By analyzing existing cross correlation between Aurubis Ag and Boqii Holding, you can compare the effects of market volatilities on Aurubis Ag and Boqii Holding and check how they will diversify away market risk if combined in the same portfolio for a given time horizon. You can also utilize pair trading strategies of matching a long position in Aurubis Ag with a short position of Boqii Holding. Check out your portfolio center. Please also check ongoing floating volatility patterns of Aurubis Ag and Boqii Holding.

Diversification Opportunities for Aurubis Ag and Boqii Holding

0.25
  Correlation Coefficient

Modest diversification

The 3 months correlation between Aurubis and Boqii is 0.25. Overlapping area represents the amount of risk that can be diversified away by holding Aurubis Ag and Boqii Holding Ltd in the same portfolio, assuming nothing else is changed. The correlation between historical prices or returns on Boqii Holding and Aurubis Ag is a relative statistical measure of the degree to which these equity instruments tend to move together. The correlation coefficient measures the extent to which returns on Aurubis Ag are associated (or correlated) with Boqii Holding. Values of the correlation coefficient range from -1 to +1, where. The correlation of zero (0) is possible when the price movement of Boqii Holding has no effect on the direction of Aurubis Ag i.e., Aurubis Ag and Boqii Holding go up and down completely randomly.
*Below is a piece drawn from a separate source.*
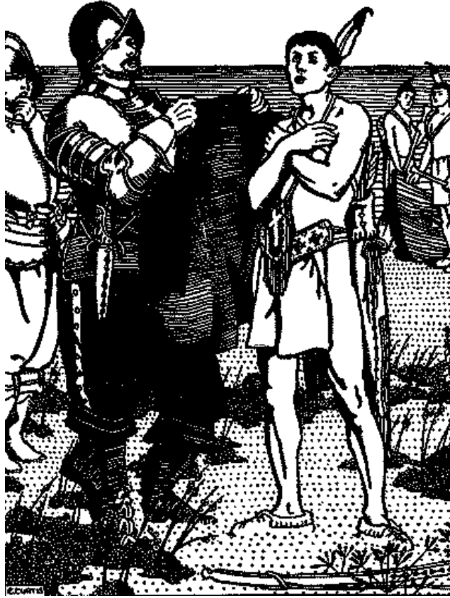
"CORTES FLUNG ABOUT HIS SHOULDERS HIS OWN CLOAK."—PAGE 146
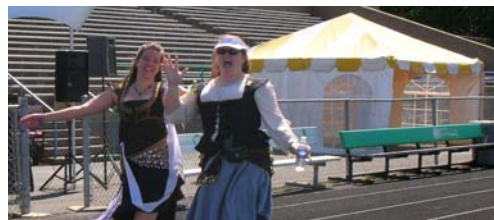
Team Wench members at the 2006 American Cancer Society Relay for Life

Team Wench, Inc. is a 501(c)3 non-profit all-volunteer organization, and its members receive no income from their work. Team Wench and its members have donated more than $175,000 to charity since its inception.

Pair Corralation between Aurubis Ag and Boqii Holding

Assuming the 90 days horizon Aurubis Ag is expected to generate 2.2 times less return on investment than Boqii Holding. But when comparing it to its historical volatility, Aurubis Ag is 1.59 times less risky than Boqii Holding. It trades about 0.16 of its potential returns per unit of risk. Boqii Holding is currently generating about 0.22 of returns per unit of risk over similar time horizon. If you would invest  120.00  in Boqii Holding on September 1, 2022 and sell it today you would earn a total of  32.00  from holding Boqii Holding or generate 26.67% return on investment over 90 days.
Time Period3 Months [change]
DirectionMoves Together 
StrengthVery Weak
Accuracy95.45%
ValuesDaily Returns

Aurubis Ag  vs.  Boqii Holding Ltd

 Performance (%) 
       Timeline  
Aurubis Ag 
Aurubis Performance
7 of 100
Compared to the overall equity markets, risk-adjusted returns on investments in Aurubis Ag are ranked lower than 7 (%) of all global equities and portfolios over the last 90 days. In spite of fairly weak technical and fundamental indicators, Aurubis Ag showed solid returns over the last few months and may actually be approaching a breakup point.

Aurubis Price Channel

Boqii Holding 
Boqii Performance
0 of 100
Over the last 90 days Boqii Holding has generated negative risk-adjusted returns adding no value to investors with long positions. In spite of very healthy basic indicators, Boqii Holding is not utilizing all of its potentials. The current stock price disarray, may contribute to short-term losses for the insiders.

Boqii Price Channel

Aurubis Ag and Boqii Holding Volatility Contrast

   Predicted Return Density   
       Returns  

Pair Trading with Aurubis Ag and Boqii Holding

The main advantage of trading using opposite Aurubis Ag and Boqii Holding positions is that it hedges away some unsystematic risk. Because of two separate transactions, even if Aurubis Ag position performs unexpectedly, Boqii Holding can make up some of the losses. Pair trading also minimizes risk from directional movements in the market. For example, if an entire industry or sector drops because of unexpected headlines, the short position in Boqii Holding will offset losses from the drop in Boqii Holding's long position.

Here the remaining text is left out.